Former Secretary of State and U.S. Senator Hillary Clinton outlined her qualifications to become President during a speech Monday afternoon at the Center for the Fine Arts at Luther College in Decorah.
Clinton told a crowd of around 500 people that the choice in 2106 is between continuing the policies that have made progress in the country or doing "a U-turn to failed policies that are out of date."
Clinton said she had a first-hand view of policies that turned around the American economy when she was First Lady to her husband, Bill, in the 1990s and when she was Secretary of State to Barack Obama from 2009 to 2013. "Incomes rose for everybody," she told the Luther College crowd, contrasting that with the supply-side economics favored by Republicans--policies she said have proven to have failed.
But Clinton noted that even though she supported the policies of Bill Clinton and Barack Obama, "I'm running for my first term."
She told her audience she would work for equal pay for women; for refinancing student debt; for combating climate change and for turning America into "a clean energy superpower."

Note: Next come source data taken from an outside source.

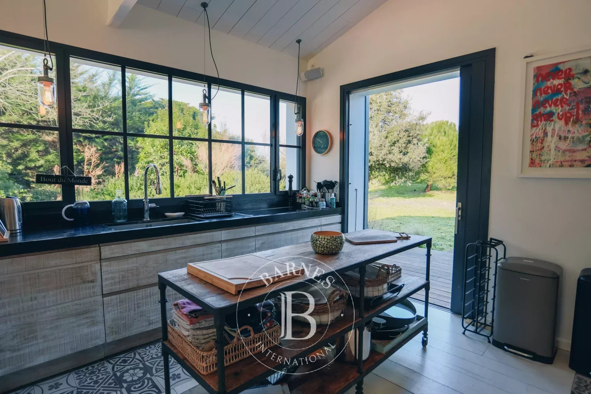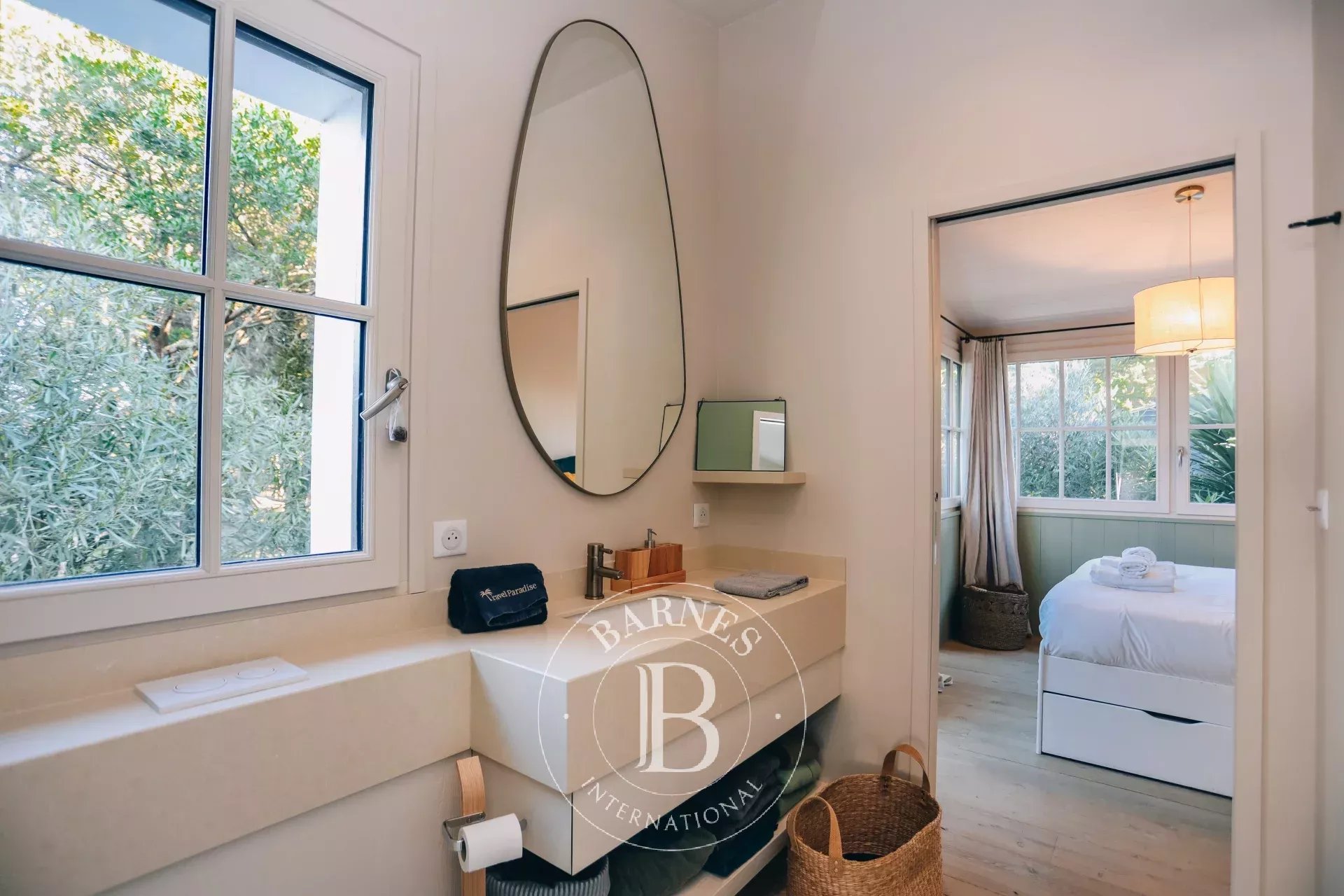 Dès votre arrivée, vous serez séduit par ses 8 chambres spacieuses, permettant d’accueillir jusqu’à 18 personnes. La villa se compose de multiples espaces de vie, incluant une maison principale, une annexe, une dépendance et un studio dédié au personnel de service si besoin. Trois cuisines entièrement équipées, dont une cuisine d’été avec un espace repas extérieur, vous permettront de partager des moments conviviaux en toute liberté.
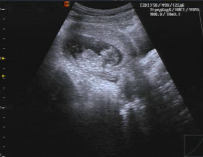 УЗИ смотрели только по животу, вагинально на этот раз датчик не вводили, все итак довольно хорошо было видно.
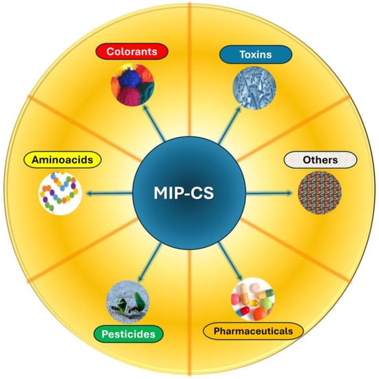 MIPs have found widespread applications in a variety of sensing platforms, including electrochemical sensors [27,61] and optical chemosensors [62,63]. They are particularly attractive for use in sensor technology due to their high stability, low cost, and the ease with which they can be integrated into different sensor devices. Furthermore, MIPs are versatile in that they can be designed for both selective detection and sample enrichment, allowing for the isolation and identification of trace levels of analytes in complex samples. In recent years, the development of MIPs has extended beyond traditional applications to include more advanced fields such as drug delivery systems [64,65], tissue engineering [66], and diagnostic assays [67]. The continuous evolution of MIP-based technologies holds great promise for future applications in both fundamental research and industrial use, providing innovative solutions for molecular recognition and analysis.
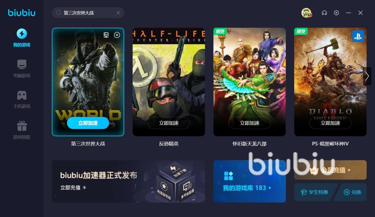 如果你比较喜欢玩国服网游的话,那么就算不开会员,也能享受到平台提供的限时免费加速服务,期间就能畅快地去体验各类网游大作了。如果你是第一次使用的新用户,那么完成注册就能领到24小时的加速时长,此外,所有用户在输入兑换码【biubiu不卡顿】之后,就能领到3天的加速时长。
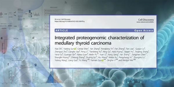 近日,复旦大学附属肿瘤医院头颈外科嵇庆海教授、王宇教授、魏文俊副主任医师领衔的研究团队与西湖大学郭天南教授团队合作,联合浙江省肿瘤医院、常州市第二人民医院、泰州市人民医院、北京大学深圳医院,成功绘制国际上首个甲状腺髓样癌蛋白基因组学全景图谱,研究结果在线发表于国际顶尖生物医学期刊Cell Discovery,并被选作当期亮点文章。本研究中,研究者对102位髓样癌患者的肿瘤/配对正常组织进行了基因全外显子组测序,并利用下游转录及蛋白组测序结果对基因突变性质进行联合解析,成功绘制出目前世界上最大的甲状腺髓样癌基因变异图谱,并为91%的髓样癌患者找到了非常明确的病因。更为重要的是,研究团队对102名髓样癌患者肿瘤组织的进行了深入蛋白组学质谱检测,并对其中绝大多数组织完成了转录组、甲基化组和磷酸蛋白质谱的测序。多组学联合分析表明,甲状腺髓样癌在蛋白表达谱上可以分成三类异质性明显的类型。这意味着甲状腺髓样癌更精准的治疗策略将有据可依。

While most of her speech discussed domestic issues such as campaign finance reform and the need for universal pre-K education, Clinton did discuss foreign affairs issues at the end. She said it was a mistake to go to war in Iraq--but not in Afghanistan. She pointed out to the crowd that she was one of the people in the room when President Obama made the decision to send a Special Forces unit into Pakistan on a mission to kill Osama Bin Laden. "I understand a lot more than anybody else running," she concluded, coming back to a theme that was stressed throughout the speech.